They would use gddr4 if they could! Just for marketing! (not on reference boards) Just like 2gb 9600gt, doesn't make any sense, but it sounds good-> people would buy it. 8800gt with 512 gddr4 sounds good -> people would buy it (higher is better - lot of people thinks).
But they can't use ddr4 because g80 doesn't support gddr4 (and gddr5). I can't explain myself better.

dx10(.1) specs were available to every manufacturer early, i don't think it was a secret in front of nvidia. Even S3 has a dx10.1 card.


----------



## DarkMatter (May 22, 2008)

Valdez said:


> They would use gddr4 if they could!
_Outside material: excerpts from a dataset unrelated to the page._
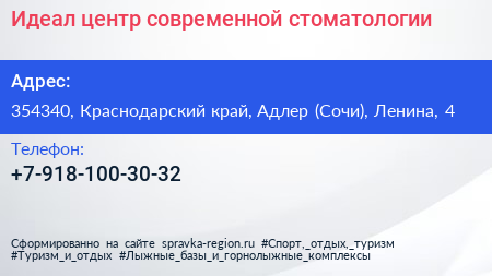 Идеал, центр современной стоматологии по адресу 354340, Краснодарский край, Адлер (Сочи), Ленина, 4 в дальнейшем Организация, размещена в следующих категориях: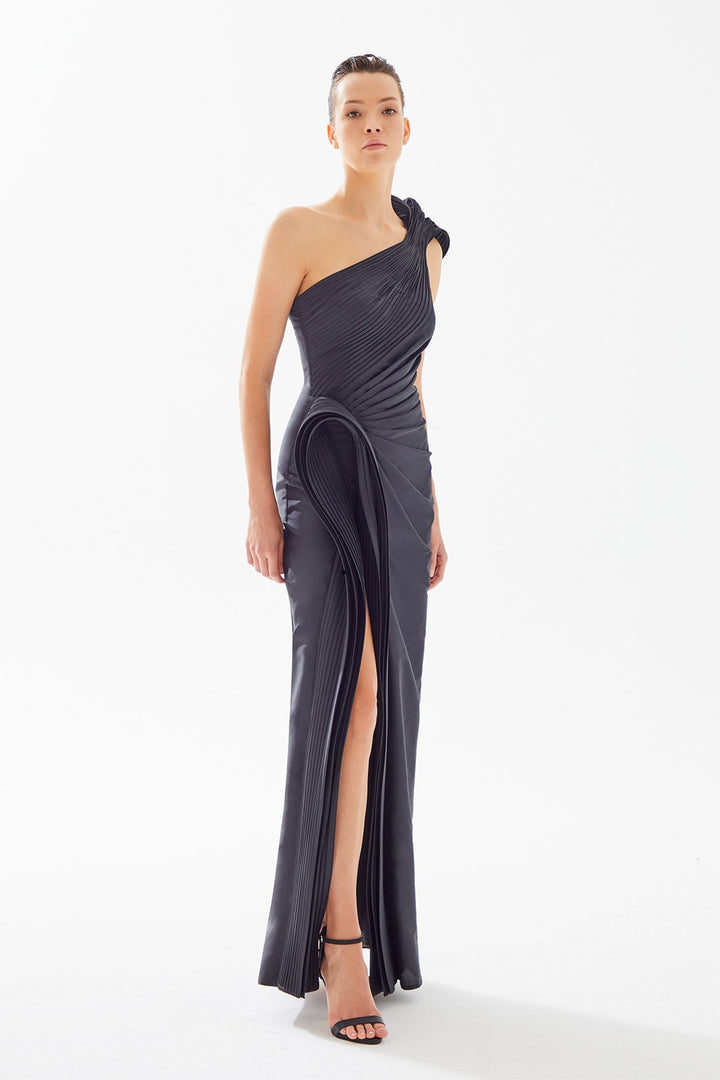 One shoulder asymmetrical 3d plise gown. Tarik Ediz style 92860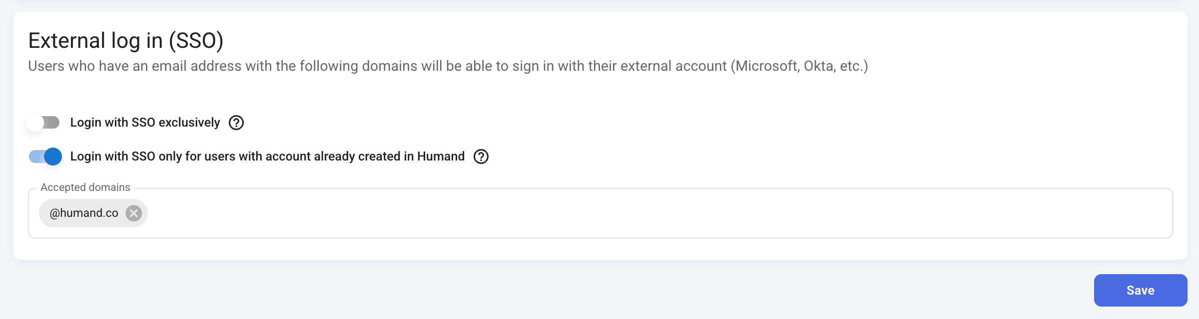 Освен това, преди да предоставите необходимите разрешения, първо трябва да активирате Външно влизане (SSO) от настройките на Humand. За да завършите този процес, можете да се обърнете към следната статия: 📚 Как да активирам Еднократна идентификация (SSO)?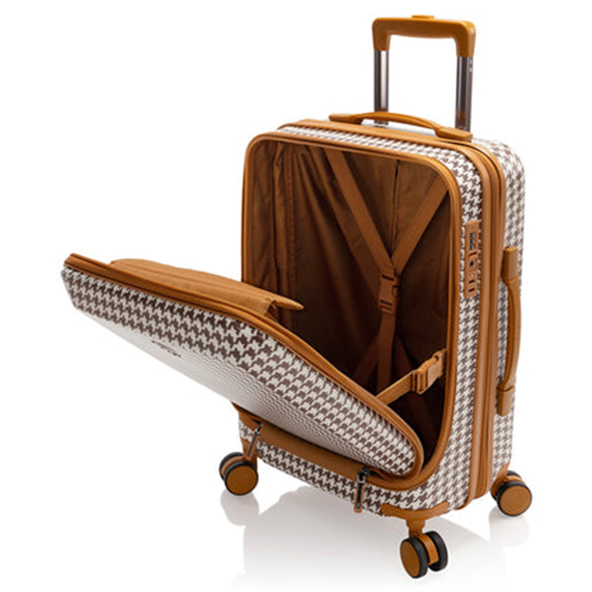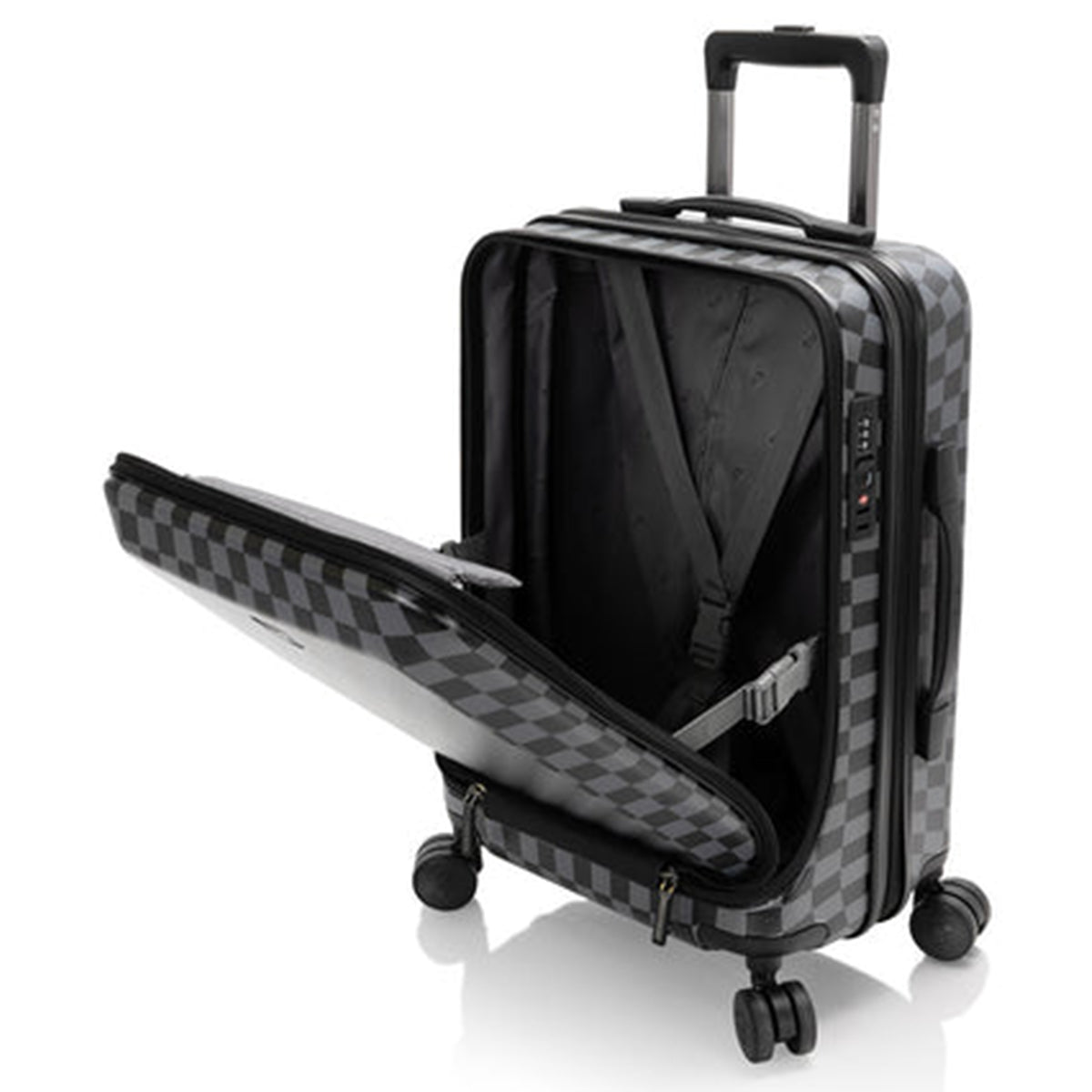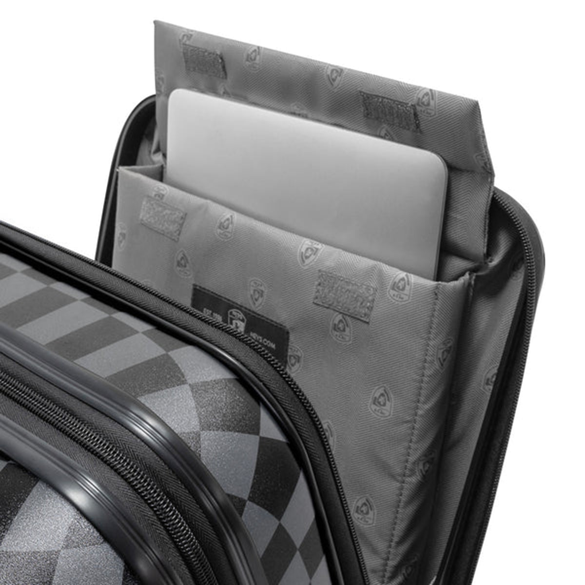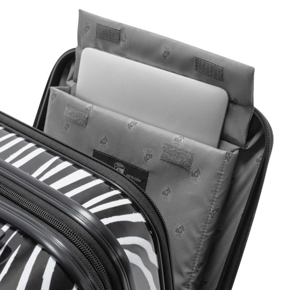- 21" carry-on size features a Patented Front Access design with quick and easy access to a foam-padded laptop pocket conveniently located on the front of the luggage. The pocket fits up to 15.6” widescreen laptops

Just for marketing! (not on reference boards) Just like 2gb 9600gt, doesn't make any sense, but it sounds good-> people would buy it. 8800gt with 512 gddr4 sounds good -> people would buy it (higher is better - lot of people thinks).
> But they can't use ddr4 because g80 doesn't support gddr4 (and gddr5). I can't explain myself better.
> 
> dx10(.1) specs were available to every manufacturer early, i don't think it was a secret in front of nvidia. Even S3 has a dx10.1 card.



You didn't understand me. G80/92 can't use GDDR4, so they can't use GDDR4 on the cards. Nvidia CAN!!! There's nothing special in implementing a new memory into the controler, they would do if it was good for them or necesary if you prefer to look at it like that.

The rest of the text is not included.